WHAT YOU HAVE TO DO =>
All of the records below must be reproduced exactly, minus any pictures.

ENTRIES SUPPLIED =>
* * * *

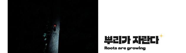 보안업체의 신입 지원인 규민(서승우)은 사고로 공사가 중지된 숲을 정찰하다 기이한 소리를 감지한다. 홀린 듯 이를 쫓아가지만 소리의 근원지에 관한 뚜렷한 증거를 발견하진 못한다. 사무실로 돌아온 규민은 숲 속에 무언가가 있었다고 보고하는데 CCTV로 이를 지켜보고 있던 선배 정훈(노언식)이 화면 상 아무런 문제가 없었다며 규민의 말에 귀를 기울이지 않는다. 급기야 자신의 상사 앞에서도 규민을 몰아세운다. 그럼에도 불구하고 규민이 주장을 굽히지 않자 결구 규민과 정훈이 숲으로 함께 걸어 들어가게 된다. 그리고 그들은 CCTV에 잡히지 않던 존재에 점점 가까워진다. 카메라가 비추지 않는 대상에 관해 우리는 어떻게 정의내릴 수 있을까. <뿌리가 자란다>는 프레임 안의 요소를 기반으로, 프레임 밖의 존재와 사물에 관한 상상력을 극대화하는 영화다. 일터에서의 CCTV는 현장을 기록하는 동시에 노동자를 감시하는 매개체로 기능한다. CCTV 화면은 장소의 안전함과 노동자의 성실도를 파악하는 기준으로 작동하는 한편 이것만으로는 모든 진실을 파악할 수 없다는 것을 영화는 분명하게 언급한다. <뿌리가 자란다>는 CCTV 화면과 실제 공간의 모습을 번갈아 보여주며 밤의 숲을 배경으로 조명과 사운드를 섬세하게 배치해 공포감을 조성한다. 이를 통해 미스터리 스릴러의 장르적 특성을 유지하면서도 프레임 안과 밖의 교류를 감각적으로 그려낸다. ■조현나
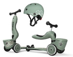 Zestaw SCOOTANDRIDE Kask + Highwaykick1 2w1 jeździk i hulajnoga z zamykanym schowkiem Green Lines
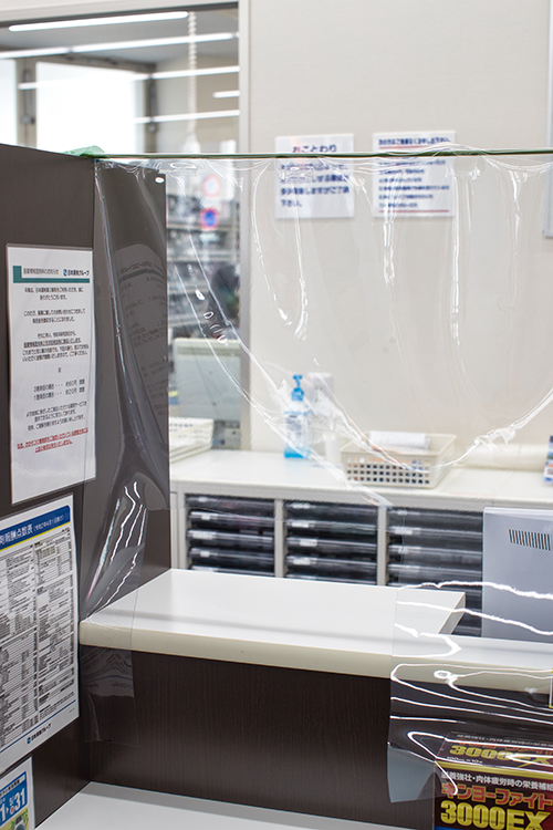 - 受付および服薬指導カウンターに、飛沫飛散防止用のアクリルやビニールの間仕切りを設置
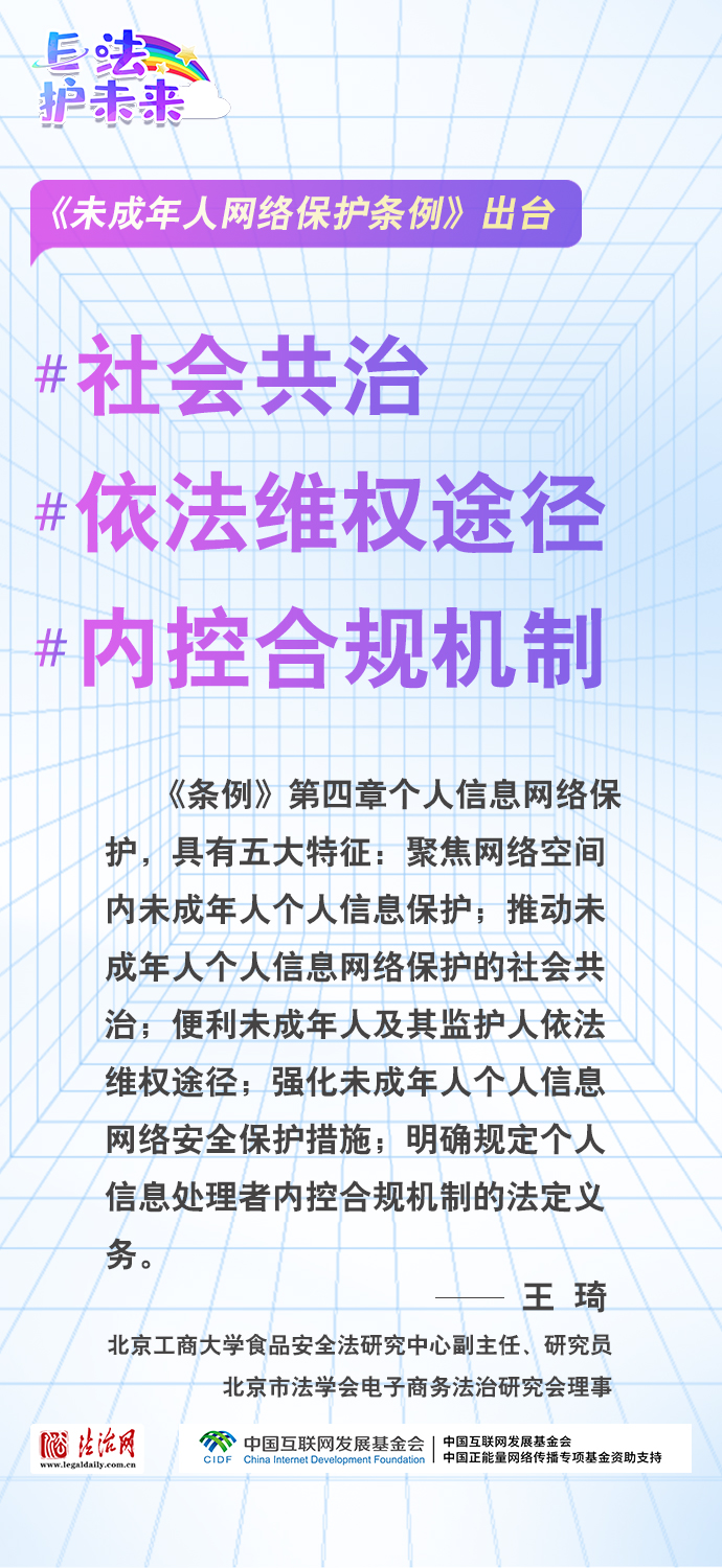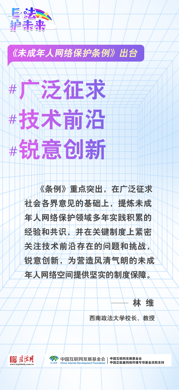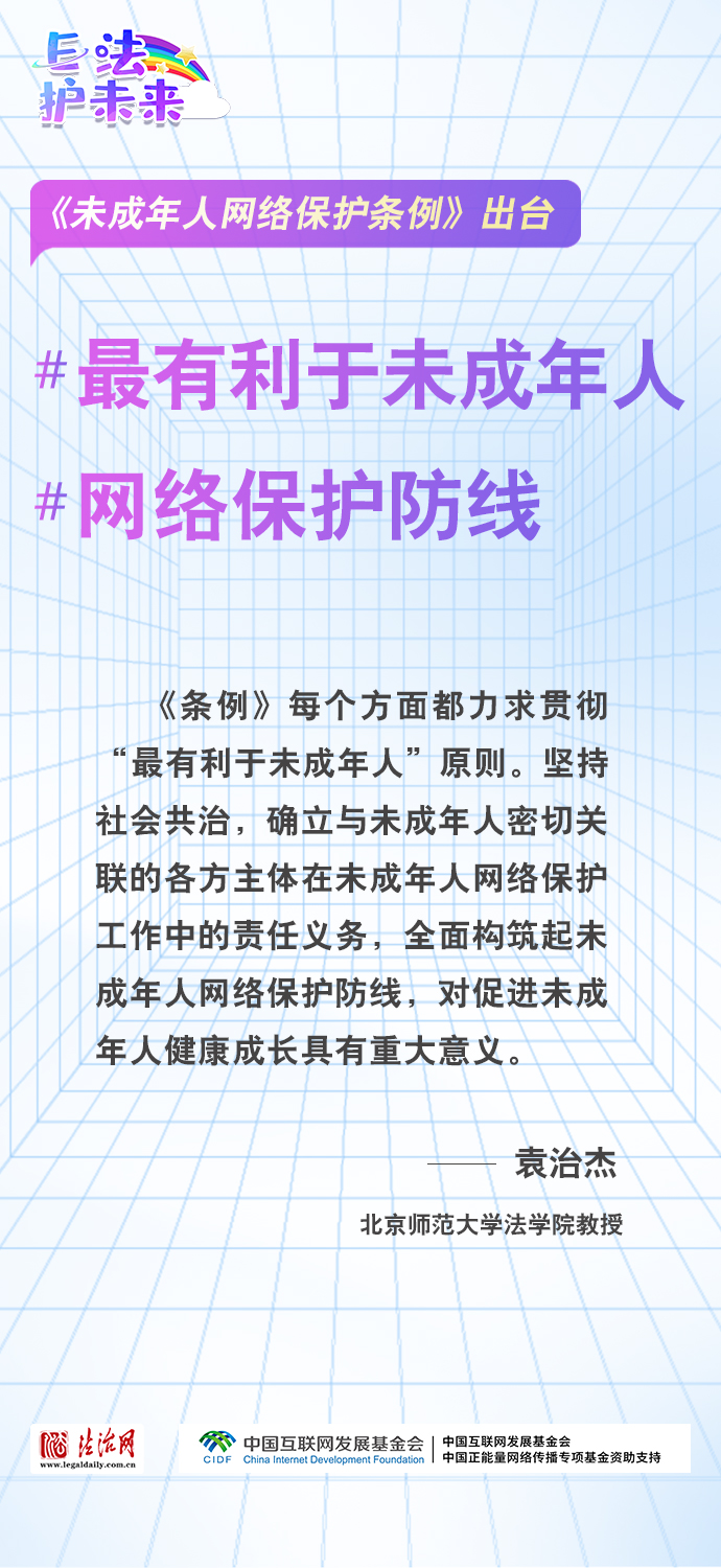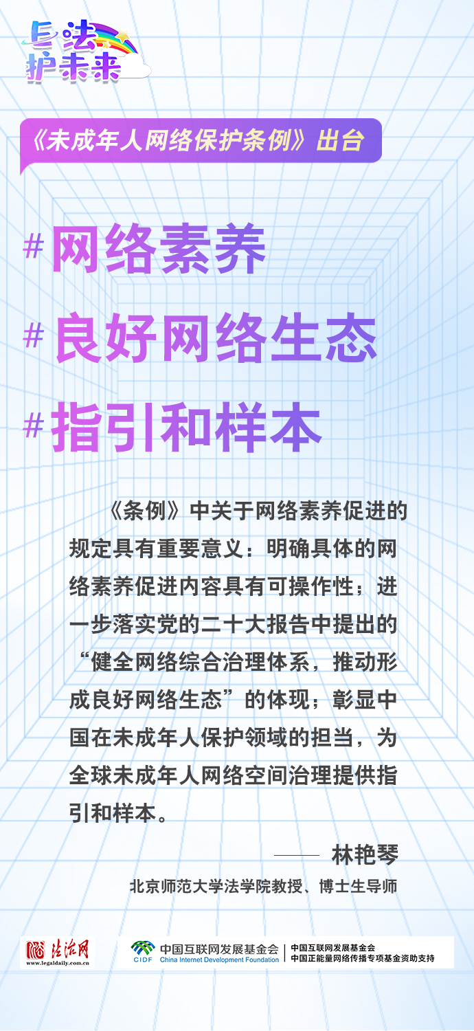 法治網(wǎng)特推出一組“專家有言”海報(bào),內(nèi)容涵蓋《條例》出臺的現(xiàn)實(shí)意義和時代價(jià)值、網(wǎng)絡(luò)素養(yǎng)促進(jìn)、網(wǎng)絡(luò)信息內(nèi)容規(guī)范、個人信息網(wǎng)絡(luò)保護(hù)、網(wǎng)絡(luò)沉迷防治等,充分展現(xiàn)《條例》的出臺是我國互聯(lián)網(wǎng)治理領(lǐng)域的法治成果,彰顯中國在未成年人網(wǎng)絡(luò)保護(hù)領(lǐng)域的擔(dān)當(dāng),為全球未成年人網(wǎng)絡(luò)空間治理提供指引和樣本。
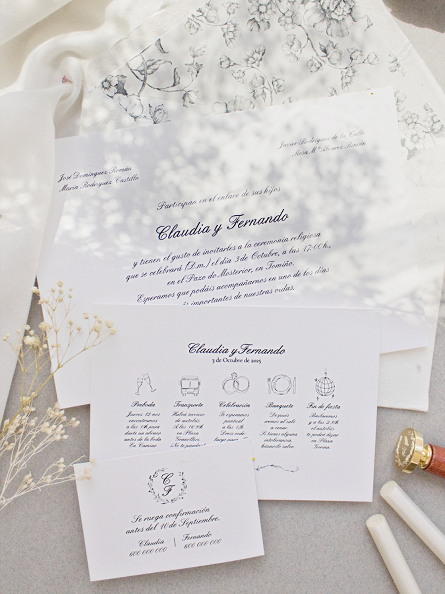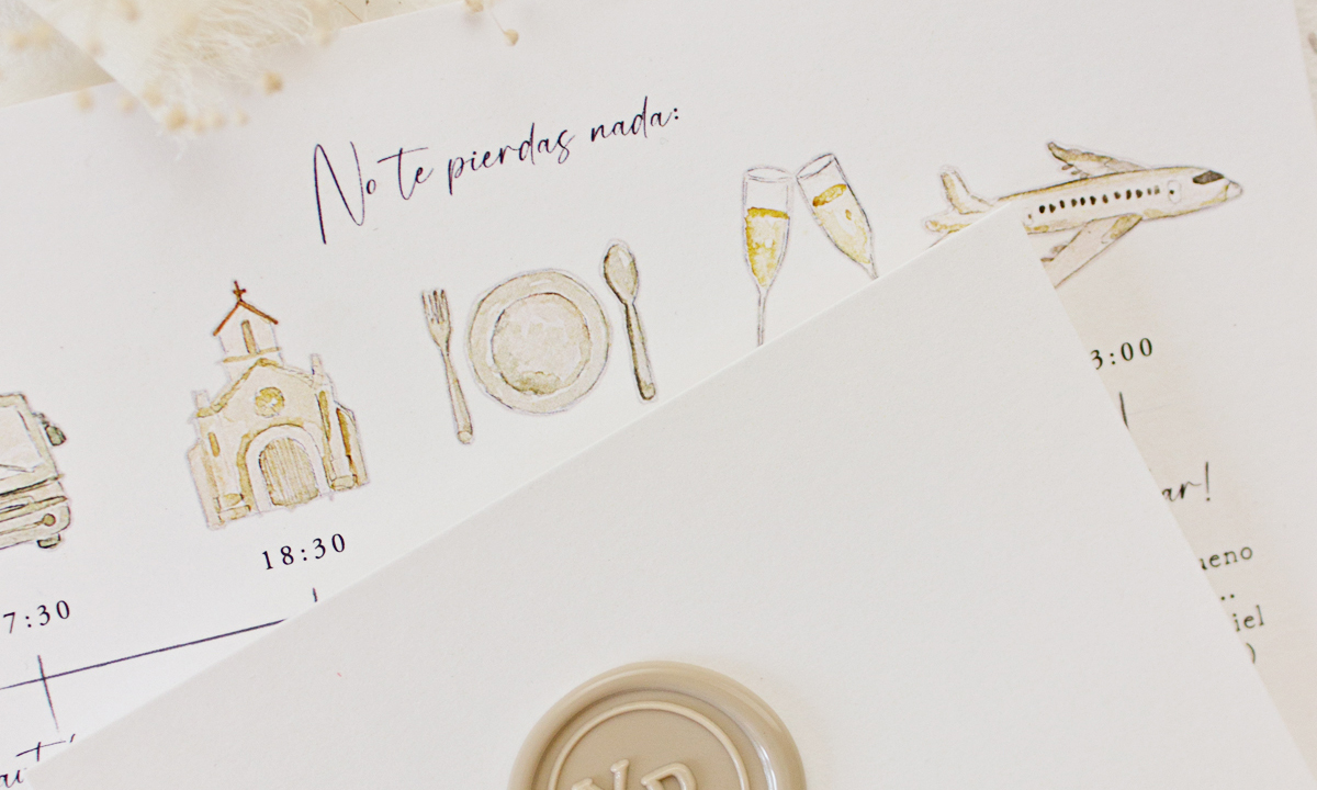 ¡Por supuesto! Podemos preparar cualquiera de los elementos de papelería y detalles que ves en la web, siguiendo el estilo de vuestras invitaciones.
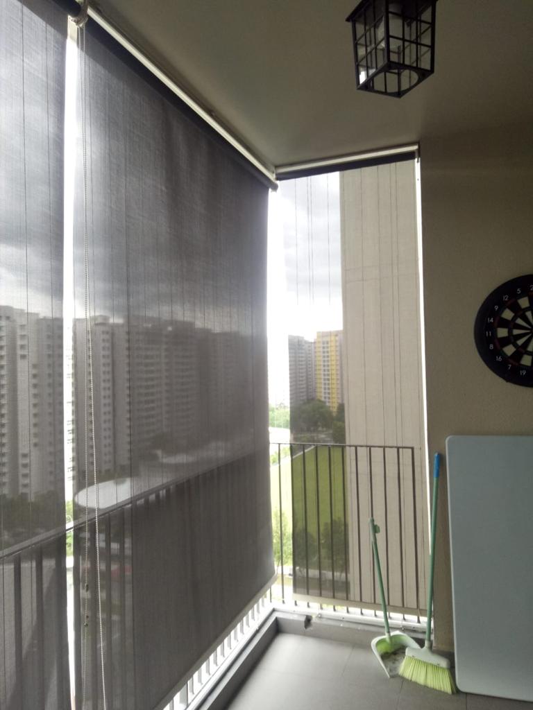 Outdoor blinds are used for balcony or HDB service yard applications (meaning for the outdoors). Decorland’s Outdoor blinds on the other hand are manually operated and is the most traditional and popular form of outdoor balcony/ yard/ open-area coverings due to its durability and heavy-duty nature. A set of strong stainless-steel wind guard are installed to allow outdoor blinds to glide in place to withstand the strongest of wind. Manufactured in house in Singapore, all systems and fabrics are carefully sourced and passed all levels of Q.C prior to its right application.

* * * *

WRITTEN SOLUTION =>
 보안업체의 신입 지원인 규민(서승우)은 사고로 공사가 중지된 숲을 정찰하다 기이한 소리를 감지한다. 홀린 듯 이를 쫓아가지만 소리의 근원지에 관한 뚜렷한 증거를 발견하진 못한다. 사무실로 돌아온 규민은 숲 속에 무언가가 있었다고 보고하는데 CCTV로 이를 지켜보고 있던 선배 정훈(노언식)이 화면 상 아무런 문제가 없었다며 규민의 말에 귀를 기울이지 않는다. 급기야 자신의 상사 앞에서도 규민을 몰아세운다. 그럼에도 불구하고 규민이 주장을 굽히지 않자 결구 규민과 정훈이 숲으로 함께 걸어 들어가게 된다. 그리고 그들은 CCTV에 잡히지 않던 존재에 점점 가까워진다. 카메라가 비추지 않는 대상에 관해 우리는 어떻게 정의내릴 수 있을까. <뿌리가 자란다>는 프레임 안의 요소를 기반으로, 프레임 밖의 존재와 사물에 관한 상상력을 극대화하는 영화다. 일터에서의 CCTV는 현장을 기록하는 동시에 노동자를 감시하는 매개체로 기능한다. CCTV 화면은 장소의 안전함과 노동자의 성실도를 파악하는 기준으로 작동하는 한편 이것만으로는 모든 진실을 파악할 수 없다는 것을 영화는 분명하게 언급한다. <뿌리가 자란다>는 CCTV 화면과 실제 공간의 모습을 번갈아 보여주며 밤의 숲을 배경으로 조명과 사운드를 섬세하게 배치해 공포감을 조성한다. 이를 통해 미스터리 스릴러의 장르적 특성을 유지하면서도 프레임 안과 밖의 교류를 감각적으로 그려낸다. ■조현나
 Zestaw SCOOTANDRIDE Kask + Highwaykick1 2w1 jeździk i hulajnoga z zamykanym schowkiem Green Lines
 - 受付および服薬指導カウンターに、飛沫飛散防止用のアクリルやビニールの間仕切りを設置
 法治網(wǎng)特推出一組“專家有言”海報(bào),內(nèi)容涵蓋《條例》出臺的現(xiàn)實(shí)意義和時代價(jià)值、網(wǎng)絡(luò)素養(yǎng)促進(jìn)、網(wǎng)絡(luò)信息內(nèi)容規(guī)范、個人信息網(wǎng)絡(luò)保護(hù)、網(wǎng)絡(luò)沉迷防治等,充分展現(xiàn)《條例》的出臺是我國互聯(lián)網(wǎng)治理領(lǐng)域的法治成果,彰顯中國在未成年人網(wǎng)絡(luò)保護(hù)領(lǐng)域的擔(dān)當(dāng),為全球未成年人網(wǎng)絡(luò)空間治理提供指引和樣本。
 ¡Por supuesto! Podemos preparar cualquiera de los elementos de papelería y detalles que ves en la web, siguiendo el estilo de vuestras invitaciones.
 Outdoor blinds are used for balcony or HDB service yard applications (meaning for the outdoors). Decorland’s Outdoor blinds on the other hand are manually operated and is the most traditional and popular form of outdoor balcony/ yard/ open-area coverings due to its durability and heavy-duty nature. A set of strong stainless-steel wind guard are installed to allow outdoor blinds to glide in place to withstand the strongest of wind. Manufactured in house in Singapore, all systems and fabrics are carefully sourced and passed all levels of Q.C prior to its right application.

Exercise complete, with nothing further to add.